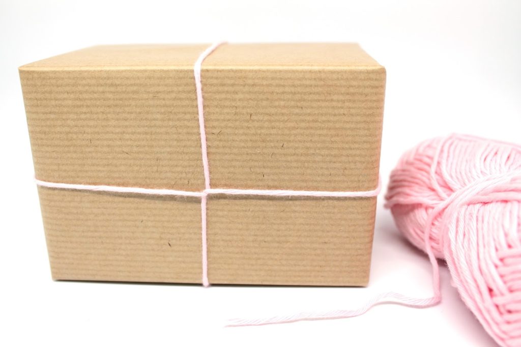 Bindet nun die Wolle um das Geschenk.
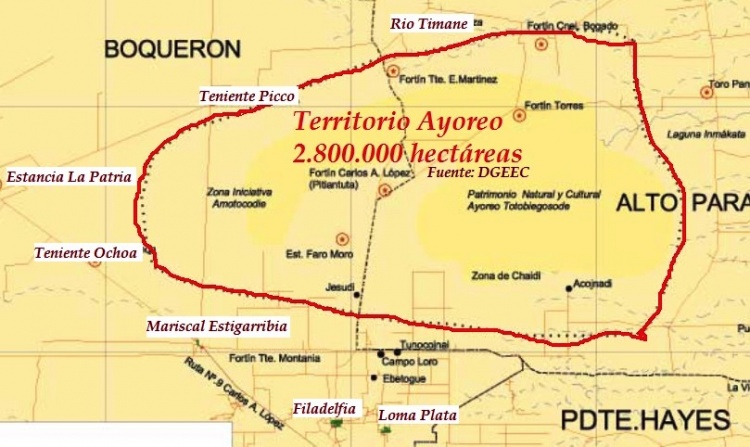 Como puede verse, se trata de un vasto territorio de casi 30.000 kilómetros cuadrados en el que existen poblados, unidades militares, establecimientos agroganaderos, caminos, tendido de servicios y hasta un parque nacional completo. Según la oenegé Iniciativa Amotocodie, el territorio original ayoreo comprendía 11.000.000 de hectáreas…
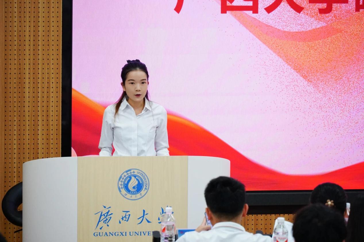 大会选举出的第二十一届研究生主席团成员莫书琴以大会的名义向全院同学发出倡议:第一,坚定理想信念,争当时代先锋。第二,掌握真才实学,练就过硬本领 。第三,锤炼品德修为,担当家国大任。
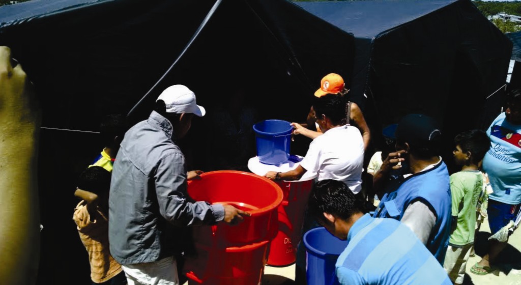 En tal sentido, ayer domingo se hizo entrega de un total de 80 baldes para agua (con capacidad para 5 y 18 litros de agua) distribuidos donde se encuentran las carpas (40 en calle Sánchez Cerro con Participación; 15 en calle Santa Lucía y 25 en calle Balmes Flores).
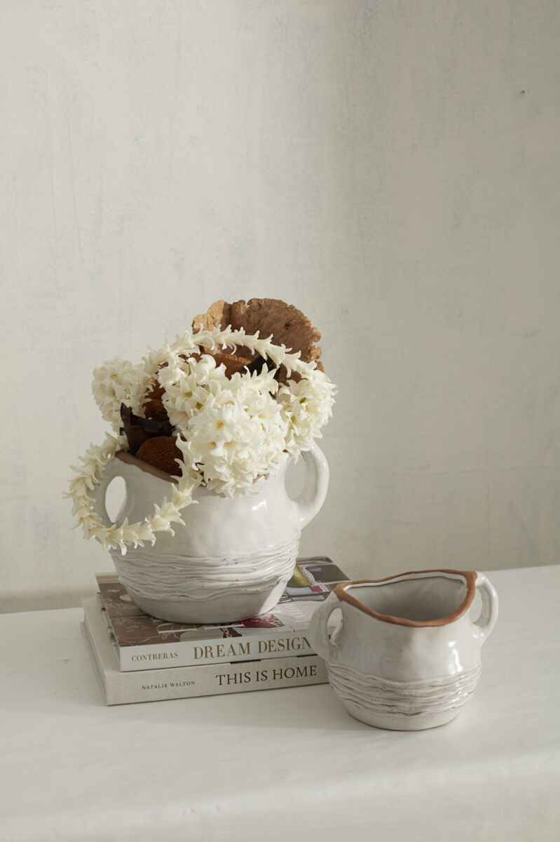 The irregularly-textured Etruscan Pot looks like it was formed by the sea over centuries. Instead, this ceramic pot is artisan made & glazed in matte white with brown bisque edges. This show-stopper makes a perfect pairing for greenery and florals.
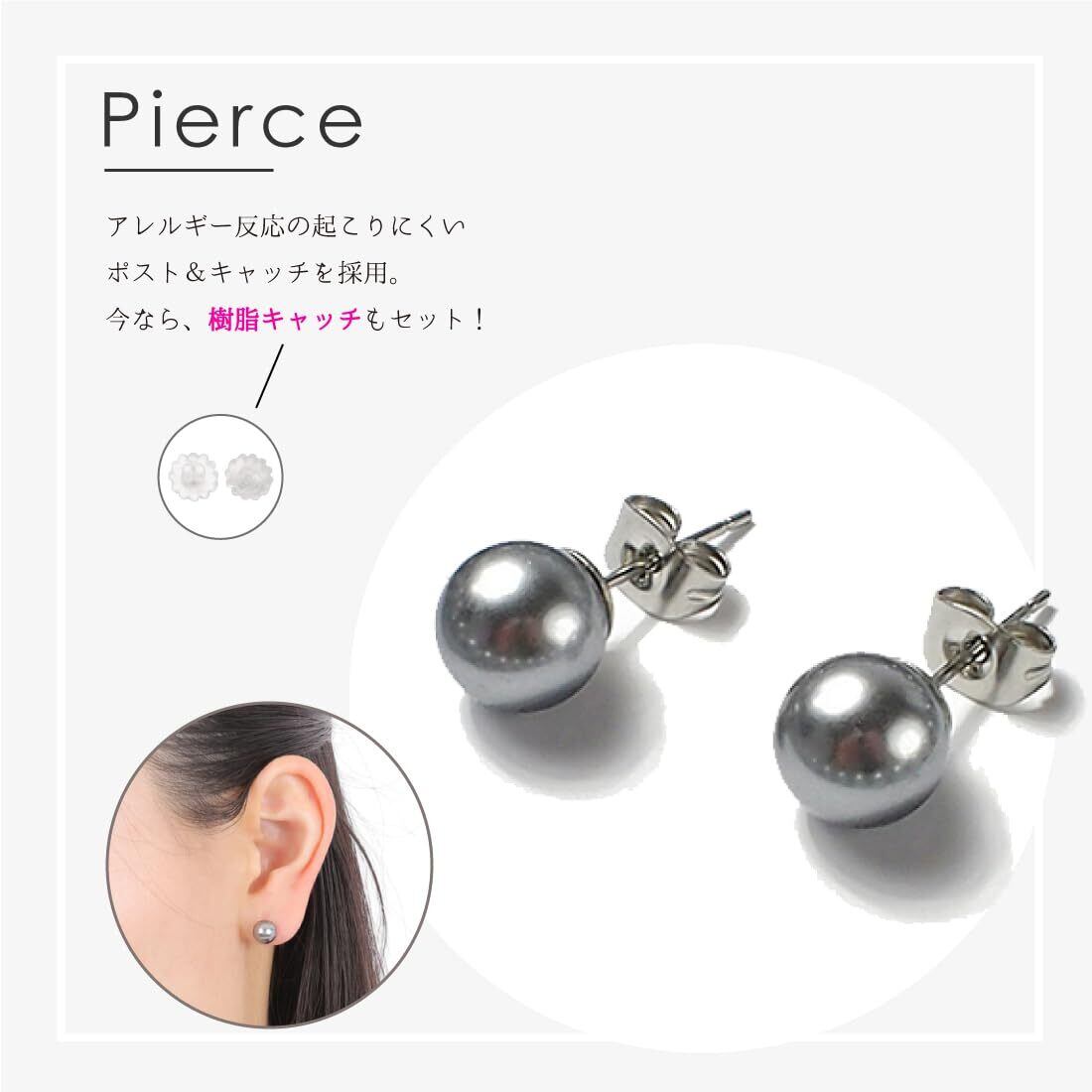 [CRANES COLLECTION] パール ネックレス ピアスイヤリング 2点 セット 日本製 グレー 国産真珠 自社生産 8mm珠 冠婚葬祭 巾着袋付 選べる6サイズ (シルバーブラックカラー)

- [What to work on]:
Reproduce the lines of the data that run from the one containing "大会选举出的第二十一届研究生" to the final line, both included, exactly as they appear and without the pictures.

- [Exercise answer]:
 大会选举出的第二十一届研究生主席团成员莫书琴以大会的名义向全院同学发出倡议:第一,坚定理想信念,争当时代先锋。第二,掌握真才实学,练就过硬本领 。第三,锤炼品德修为,担当家国大任。
 En tal sentido, ayer domingo se hizo entrega de un total de 80 baldes para agua (con capacidad para 5 y 18 litros de agua) distribuidos donde se encuentran las carpas (40 en calle Sánchez Cerro con Participación; 15 en calle Santa Lucía y 25 en calle Balmes Flores).
 The irregularly-textured Etruscan Pot looks like it was formed by the sea over centuries. Instead, this ceramic pot is artisan made & glazed in matte white with brown bisque edges. This show-stopper makes a perfect pairing for greenery and florals.
 [CRANES COLLECTION] パール ネックレス ピアスイヤリング 2点 セット 日本製 グレー 国産真珠 自社生産 8mm珠 冠婚葬祭 巾着袋付 選べる6サイズ (シルバーブラックカラー)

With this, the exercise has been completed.